CNI/Network (flat east-west traffic).
Volumes / hostPath (symlink & subPath tricks).

2) Container vulnerabilities & exploit patterns

2.1 Runtime escapes (runc/containerd)

runc “/proc/self/exe” & FD leaks (e.g., CVE-2019-5736; later variants like CVE-2024-21626): attacker overwrites or abuses the runc binary/FD during exec to gain host execution.
containerd CRI bugs (e.g., CVE-2022-23648): crafted image/manifests or mounts leading to unexpected host access.
Kernel bugs reachable from namespaces: UAF/overlayfs flaws to write on host.

Exploit flow (typical): run a malicious image → trigger runc/containerd bug during docker exec or pod start → obtain host shell → pivot to node credentials → cluster admin via kubelet API or cloud IAM.

2.2 Capability & privilege abuse

Containers running as root with CAP_SYS_ADMIN (or --privileged) can: mount filesystems, manipulate cgroups, or access /dev to break isolation.
No seccomp/AppArmor/SELinux → dangerous syscalls (e.g., ptrace, bpf) allowed.

2.3 hostPath & subPath volume attacks

hostPath mounts expose host directories; combined with symlink races → arbitrary host file write.
subPath volume handling historically hit symlink/TOCTOU issues (e.g., CVE-2021-25741 class).
Kubernetes Windows hostProcess containers can reach host services if misused.

2.4 Image & registry supply-chain

Typosquatted/malicious images on public registries.
Mutable tags (:latest) pull different bits over time; poisoned base images or Dockerfile FROM chains.
Embedded secrets in layers (forgotten .npmrc, SSH keys).
Build system takeover (CI tokens → push trojaned images).
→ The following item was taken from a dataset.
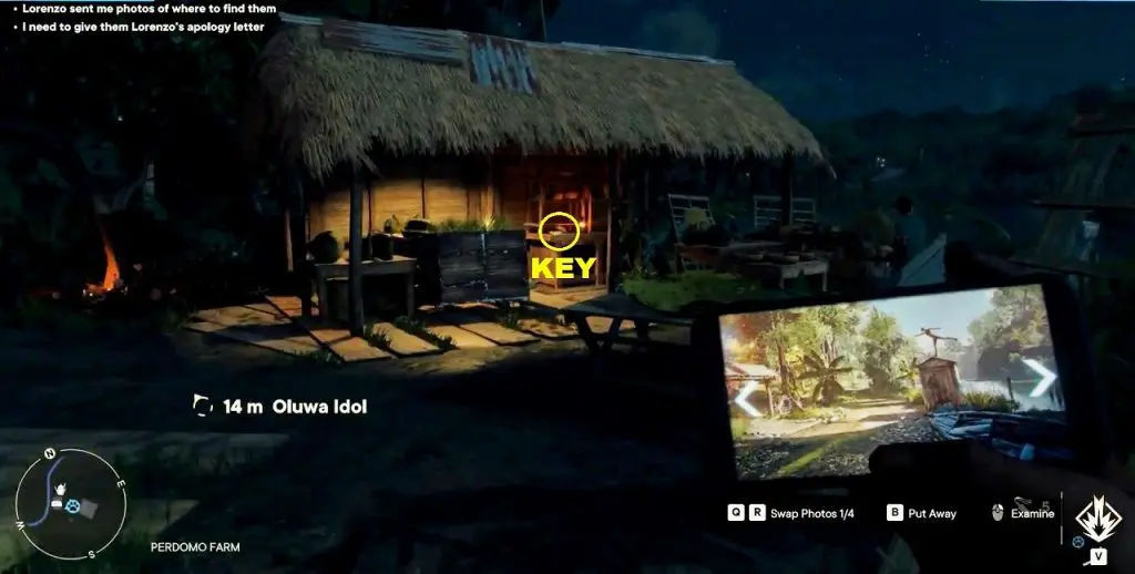 The outhouse from the photo is in Perdomo Farm as shown below. In front of the outhouse, you will find a key on top of a table in a shed. Collect the key and use it to open the room on the left side to find Lorenzo’s Juan.

3) Kubernetes vulnerabilities & exploit paths

3.1 API server & aggregated APIs

Proxy/upgrade request mishandling can forward attacker traffic to backends (e.g., CVE-2018-1002105 class), yielding privilege escalation.
Over-permissive RBAC (e.g., create pods / secrets in prod) converts any workload compromise into cluster admin.

3.2 etcd exposure

etcd stores Secrets. If reachable without TLS+auth, one GET = full cluster compromise.

3.3 Kubelet issues

Legacy readonly port (10255) exposure leaks metrics/pods; misconfigured kubelet credentials allow exec/cp into pods.

3.4 CNI / Network

Flat networks let a compromised pod scan and reach every service.
DNAT/externalIPs misconfig (e.g., CVE-2020-8554 class) can enable MITM within cluster.
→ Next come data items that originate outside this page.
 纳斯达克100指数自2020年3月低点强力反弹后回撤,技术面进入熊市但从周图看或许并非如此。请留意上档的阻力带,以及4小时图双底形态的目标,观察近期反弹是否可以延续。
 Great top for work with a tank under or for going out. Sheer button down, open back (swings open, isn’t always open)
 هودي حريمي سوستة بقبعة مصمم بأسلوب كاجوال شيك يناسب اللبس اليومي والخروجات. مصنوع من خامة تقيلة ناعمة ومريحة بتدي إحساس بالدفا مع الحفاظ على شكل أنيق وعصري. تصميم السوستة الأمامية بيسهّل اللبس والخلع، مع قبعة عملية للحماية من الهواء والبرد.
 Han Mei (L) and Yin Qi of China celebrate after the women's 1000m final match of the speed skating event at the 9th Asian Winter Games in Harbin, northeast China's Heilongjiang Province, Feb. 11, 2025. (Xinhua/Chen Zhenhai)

3.5 Admission & policy gaps

No Pod Security / PodSecurityPolicy (legacy) replacement → pods request privileged, hostPID, hostNetwork, or unsafe capabilities and get them.
Missing image signature policy lets untrusted images in.

4) Realistic attacker playbooks

Playbook A — Malicious public image → node → cluster

Pull image company/app:latest (poisoned).
Container phones home, drops toolkit, enumerates service account token.
If pod has list/create pods or secrets, attacker spawns privileged pod / steals cluster secrets.
Uses cloud metadata IAM via kube-node role to escalate in cloud.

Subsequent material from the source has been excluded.